Monday, November 16, 2015

`Like Applauding a Conjuring Trick'

Siegfried Sassoon was shot in the shoulder from behind by a German sniper on April 16, 1917, at Fontaine-les-Croisilles on the Hindenburg Line, during the Battle of Arras. One week earlier, Edward Thomas had been killed during the same engagement. Sassoon wrote a rather heavy-handed poem, “The General,” about the battle and his well-known letter of protest, “Finished with the War: A Soldier’s Declaration.”He was sent to Craiglockhart War Hospital near Edinburgh and treated for shell shock. These events are well-known and in some quarters, had taken on a mythological significance. 

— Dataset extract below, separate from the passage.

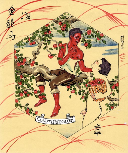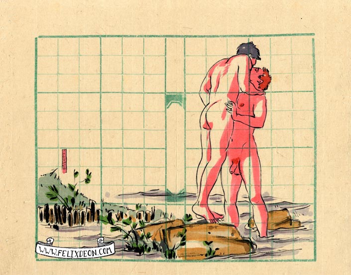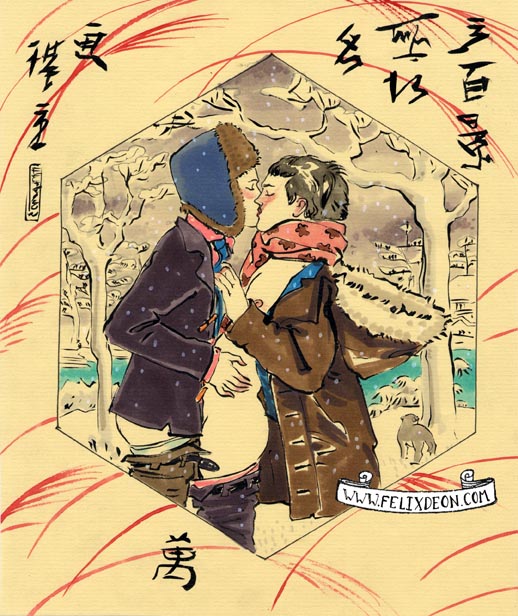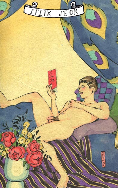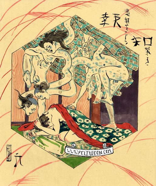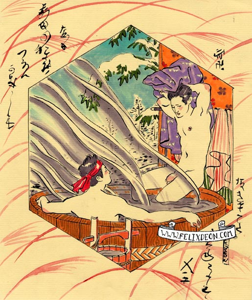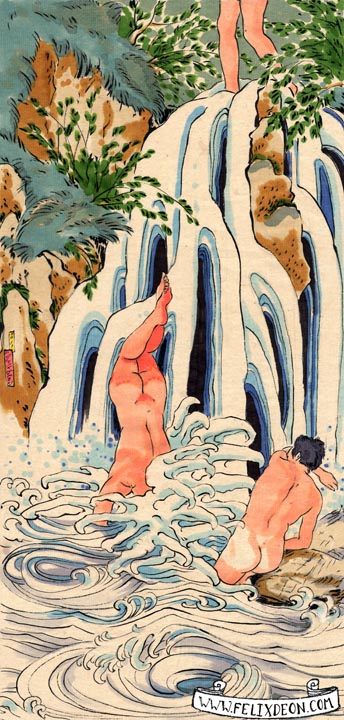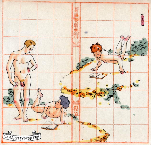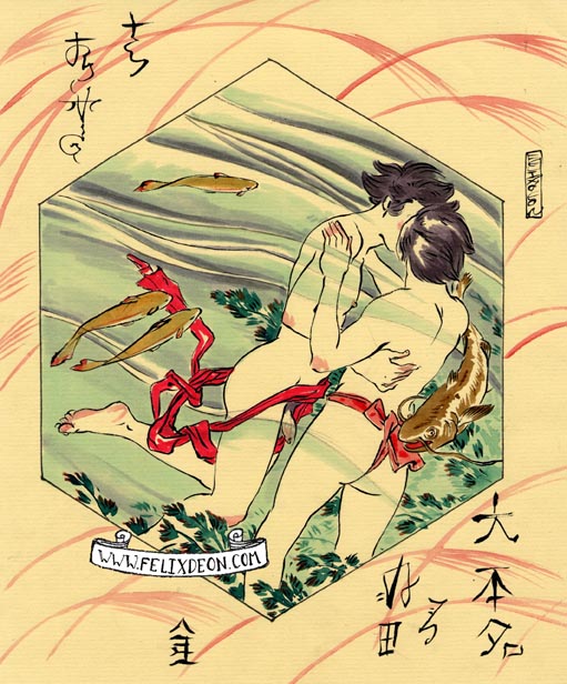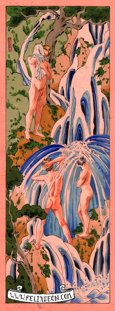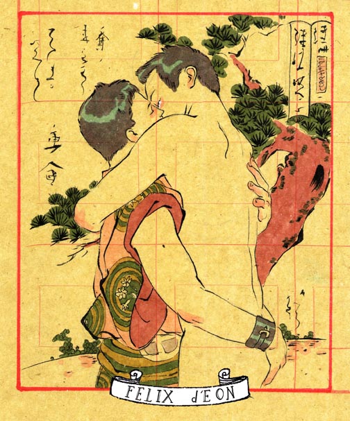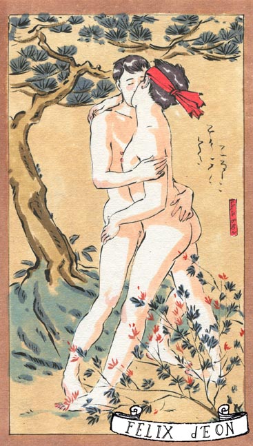菲利克斯的绘画风格多变而充满异域风味。他尤其擅长模仿日本浮世绘中的色彩与线条,给人耳目一新的特殊感官享受。以下,就请欣赏菲利克斯·德宙的浮世绘风格、同志题材的绘画作品。
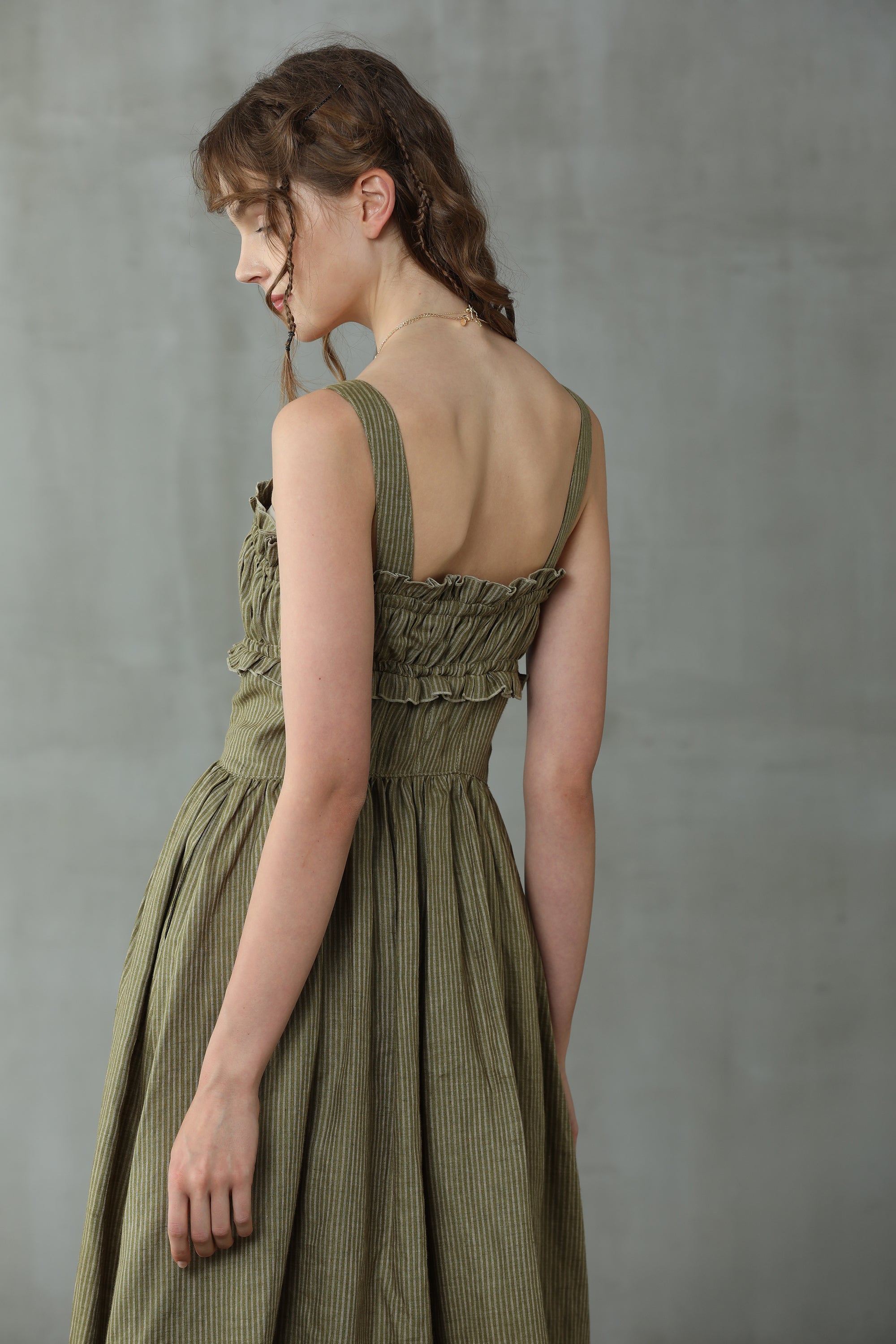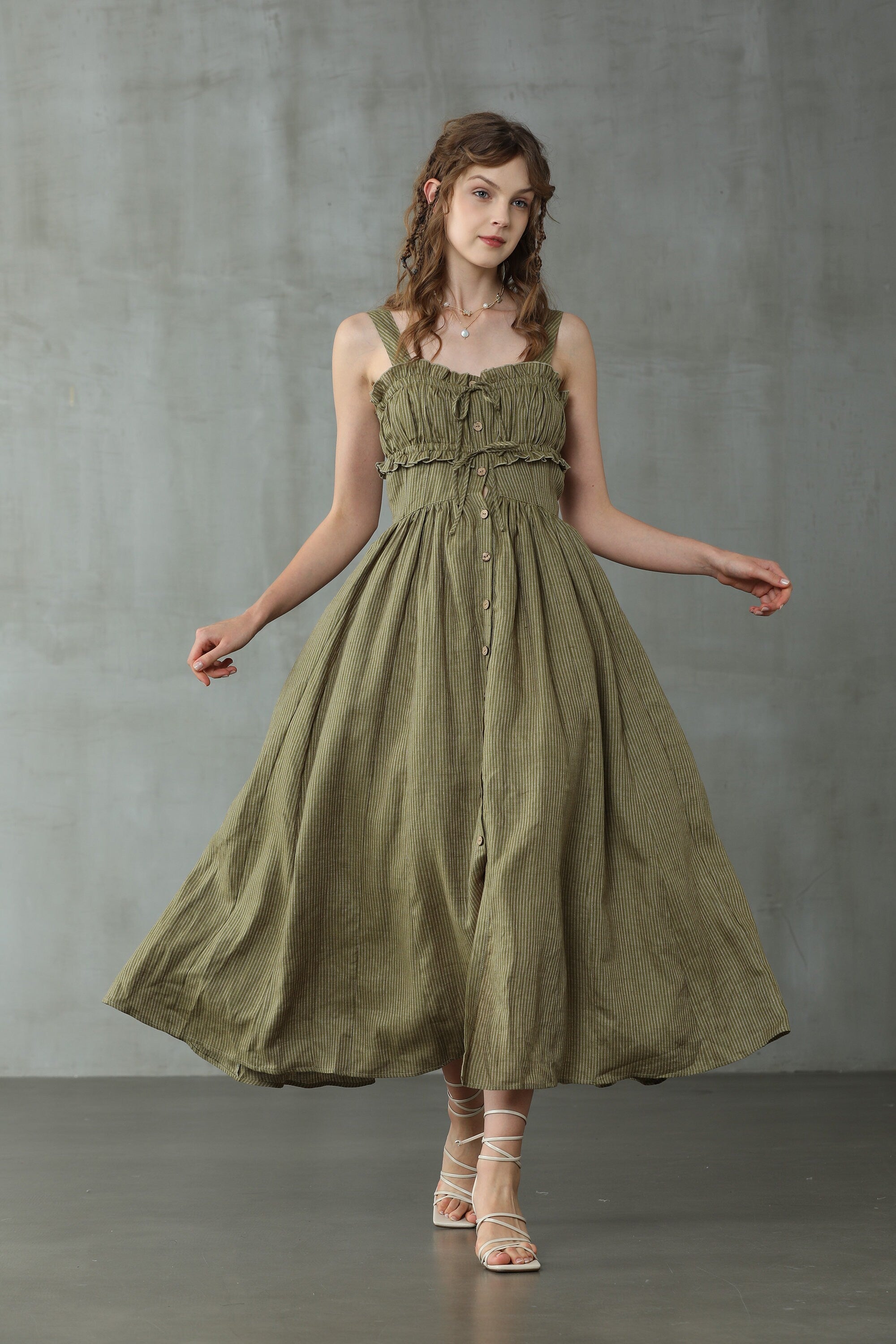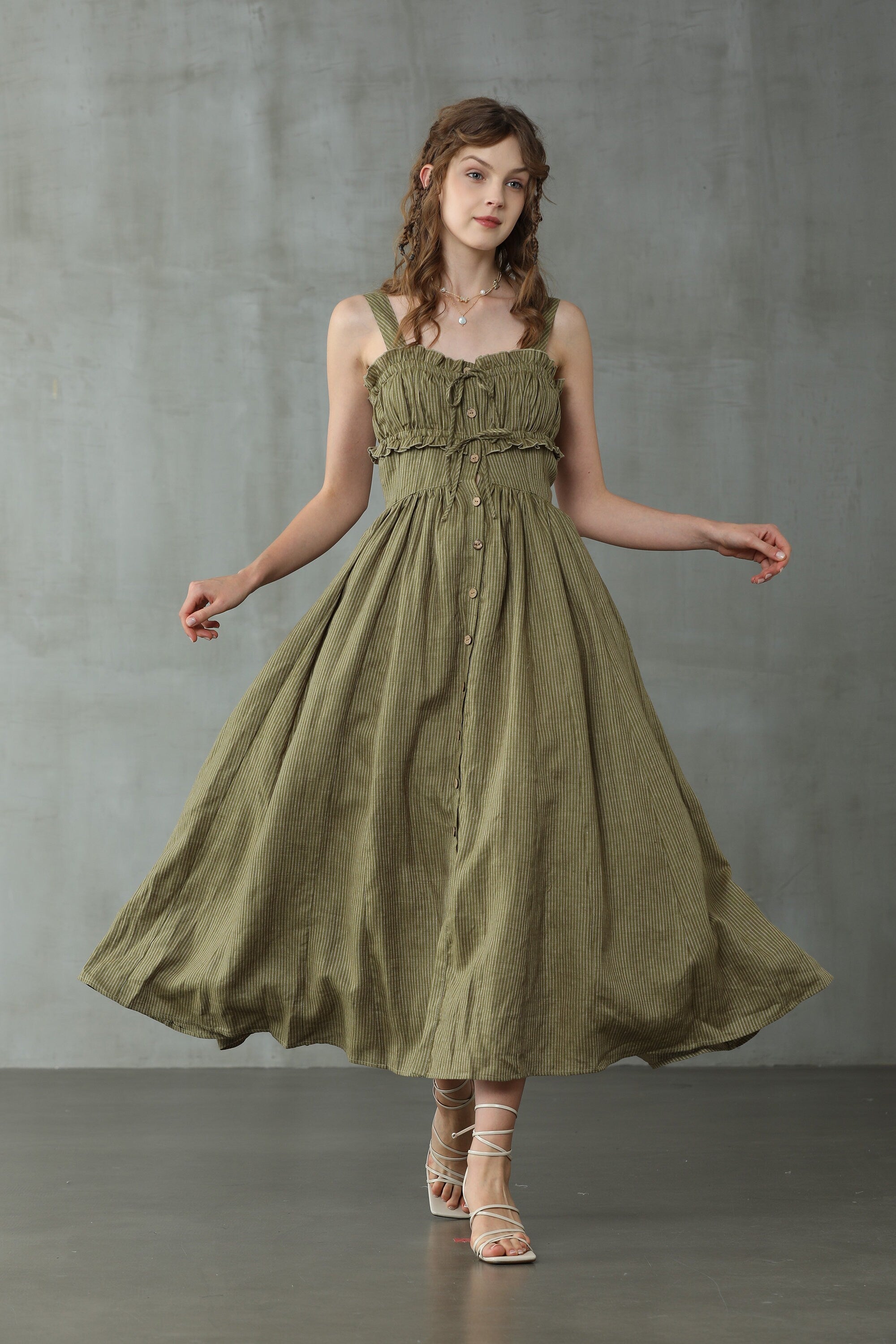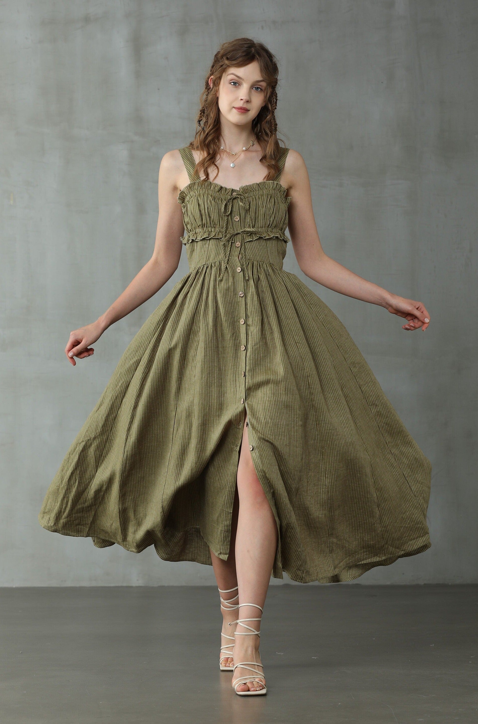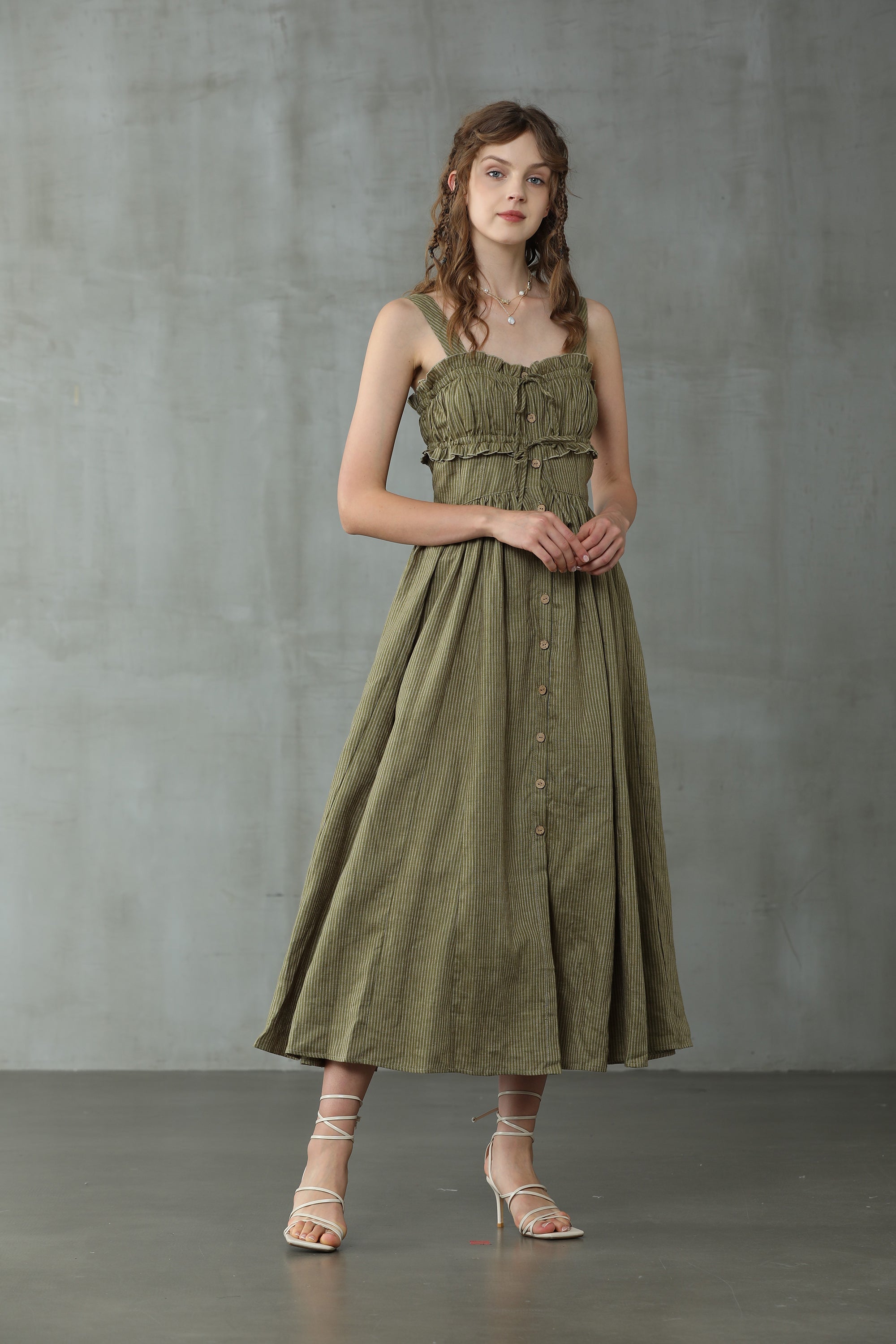 This dress is presented in olive green hue, lace up detail on the chest, front button fastening, ruffled and smocking details add to the piece's romantic nature.

Forgotten Voices of the Great War (Lyons Press, 2004), edited by Max Arthur, collects transcripts of taped interviews with men who participated in the Great War. Most are obscure, not otherwise remembered by historians. The interviews are held by the Sound Archive of the Imperial War Museum. In his introduction, Sir Martin Gilbert says the book is “the First World War in the raw: its drama and cruelties, its moments of humour – some of it very black indeed – its drudgery, and its excitement.” For a blackly humorous anecdote about snipers, with an outcome radically different from Sassoon’s, here are the words of Corp. William Skipp, otherwise unidentified:

“We had a sniper’s post, which was just a sheet of metal two inches high and a foot wide—just a hole big enough to put an end of a rifle through. Well, we had two boys who were orphans, they’d been brought up together, joined up together and been all the way through together. They were standing in the trenches and one said, `What’s this, George, have a look through here,’ and he no sooner approached it than down he went with a bullet through his forehead. Now his friend was so flabbergasted he too had a look, and less than two minutes later he was down the trench with his friend.”
Corp. Clifford Lane, 1st Battalion, Hertfordshire Regiment, suggests the sort of desperation and demoralization found about some of the troops: “The luckiest person in the war was the man who went out and the first day got a nice flesh wound that brought him home again. I’ve known men to be wounded three or four times soon after they’d got to France. They’d go in the front line, be wounded, come home, go out again, be wounded again within a few days – the finest thing that could happen to you.”
Not all of the interviewed vets were obscure. Among those contributing their voices was the poet, war memoirist and scholar Private Edmund Blunden, 11th Battalion, Royal Sussex Regiment:
“One or two signalers and I had to walk in the open straight in front of the Germans, who were perhaps two or three miles off. But they could see us all right and they did some beautiful shooting, they made rinds round us. One of the lads, a tall handsome youth, said, `I never did see such shelling!’ It was exactly like applauding a conjuring trick, or something in the halls, or a piece of fast bowling in a test match. It struck me even then, what self-control. But he was really looking at a remarkable feat of skill on the part of some other human being, and I thought a lot of that.”

1 comment:

Subbuteo said...



The female English historian and novelist, Pat Barker wrote the Regeneration Trilogy a few years ago which tells the story of the psychiatrist William Rivers at Craiglockhart. Sassoon and Owen are patients of his in the novels which are based on reality.